We have been tracking “domain shadowing” for a few years now [1][2][3][4][5], and Cisco discussed it this year [6]. Despite being a widely known pattern, it is still being used by adversaries for delivering exploit kits, browlock and other suspicious content. We have also been tracking various variants of rogue and bulletproof hosting providers. A very noticeable pattern here is rogue or bulletproof providers register businesses in offshore jurisdictions in the Caribbean islands, Central America, or the Indian Ocean, and they diversify their IP space in both ARIN (North America) and RIPE (Europe) for resiliency and evasion. Below, we show the example of QHoster, a Bulgarian hoster registered in Belize with IP space in ARIN and RIPE, which has been hosting exploit kits and phishing campaigns for some time.

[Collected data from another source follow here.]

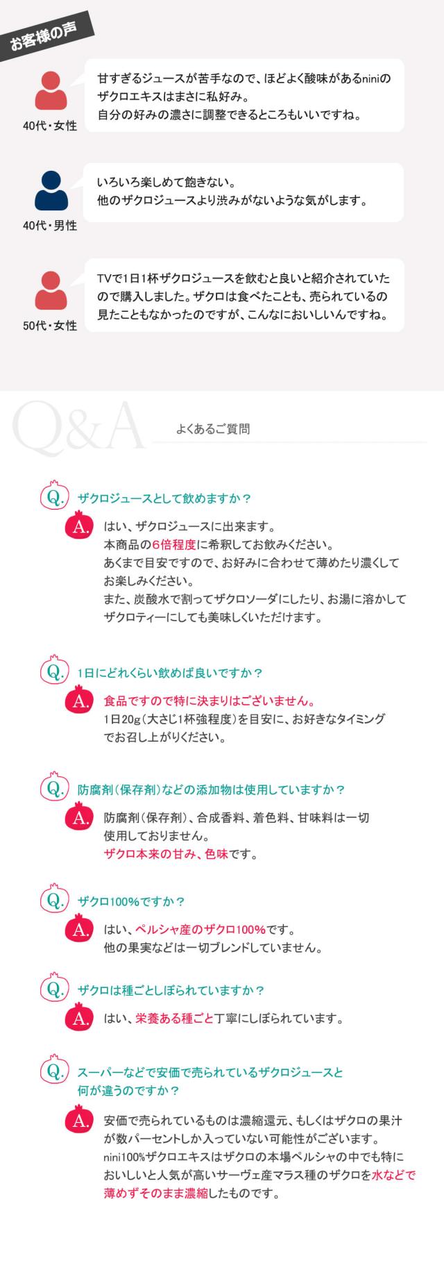 「niniザクロエキス」は、農薬、防腐剤、甘味料、着色料を一切使っていません。
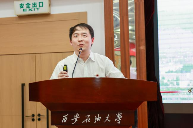 研究生工作部部长田虹霞从活动定位、遴选逻辑、赋能体系、实施路径四个维度系统介绍了活动整体设计。她讲到,"西油研讲"是研工部打造的集思政教育、学术素养提升、成长发展服务于一体的品牌化平台,本次“研途榜样说”是直面科研挑战、启迪生涯规划的核心引擎。活动严把政治与学风双重关口,践行多元复合评价标准,遴选12名主讲人,宣讲内容涵盖从科研到实践、从学术到就业等七大维度,研究方向紧密对接油气绿色开发、新能源等国家战略急需领域。活动创新采用“学生主讲+特聘导师”的赋能模式,聘请3位博士学位研究生辅导员组成特聘导师团,形成师生同向同行的育人新生态。她希望通过“西油研讲”系列活动的开展,营造“学在西油、研在深处、行在实处”的校园学术文化生态,让追求卓越成为研究生的内在自觉。
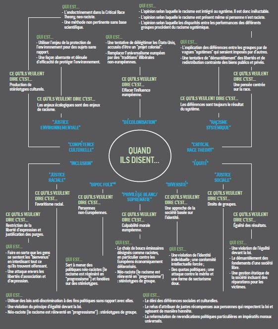 S’il est peu rapide, le travail de « vulgarisation » des différents concepts woke pourrait à terme être particulièrement utile. Des initiatives se multiplient, comme celle de l’Observatoire du décolonialisme et des idéologies identitaires, qui a réalisé un travail conséquent sur le sujet en France, notamment dans l’analyse des conséquences universitaires du wokisme71. Aux États-Unis, Christopher Rufo offre un résumé limpide de la théorie critique de la race72. Helen Pluckrose gère le site Counterweight73, qui propose des solutions pour éviter la « wokisation » de son institution, avec notamment une hotline pour guider ses utilisateurs en cas de problème74. James Lindsay se lance actuellement dans une traduction de l’intégralité des termes woke, « une encyclopédie en langage clair75 ». Ce dernier, ainsi que Peter Boghossian et Bruce Gilley ont également créé le graphique ci-dessous, destiné à aider les décideurs politiques76.

The combination of these patterns helps us design a model to monitor IP space usage for malicious purposes, and identify in a predictive fashion IP ranges that will be used for malware campaigns even before any domain is hosted on the IPs. This model has been successful in mitigating exploit kit campaigns such as Angler, RIG, and Nuclear.

The major advantage of this model is that it analyzes IP space with a much finer granularity than conventional IP, BGP, ASN reputation scoring methods. We focus on IP ranges that are smaller than the BGP prefix and that are operated by rogue hosts or purchased by criminal customers. We also analyze IP fingerprints to single out servers that share the same configurations and that are purchased in bulk and set up in advance to deliver malware and exploit kit campaigns.

Furthermore, if we confirm that IP ranges, ASNs, or hosts match several of these patterns at the same time, we can flag them with a high confidence as rogue, bulletproof, or heavily abused. We can then quarantine or block their IP space. Additional validation also comes from monitoring hosted content over time.

Stay tuned for future separate blogs in which we will discuss these hosting patterns in more detail.

The final takeway is that “SPRank” and “IP Monitoring” can work separately but they are much more efficient if they operate, in tandem, to provide a higher coverage and accuracy in detecting threats. Since we are faced with a massive amount of DNS and IP space data flowing in real time through our worldwide infrastructure, SPRank becomes crucial at finding entry points or seeds of malware domains for immediate blocking but also for “IP Monitoring” to further drill into associated indicators by pivoting around IPs, fingerprints, prefixes, ASNs, hosters, emails, content, etc to expand the intelligence graph and proactively mitigate attacks before they occur. At the same time, “IP Monitoring” can function in a standalone fashion by sweeping and scrutinizing IP ranges picked up by other models or feeds.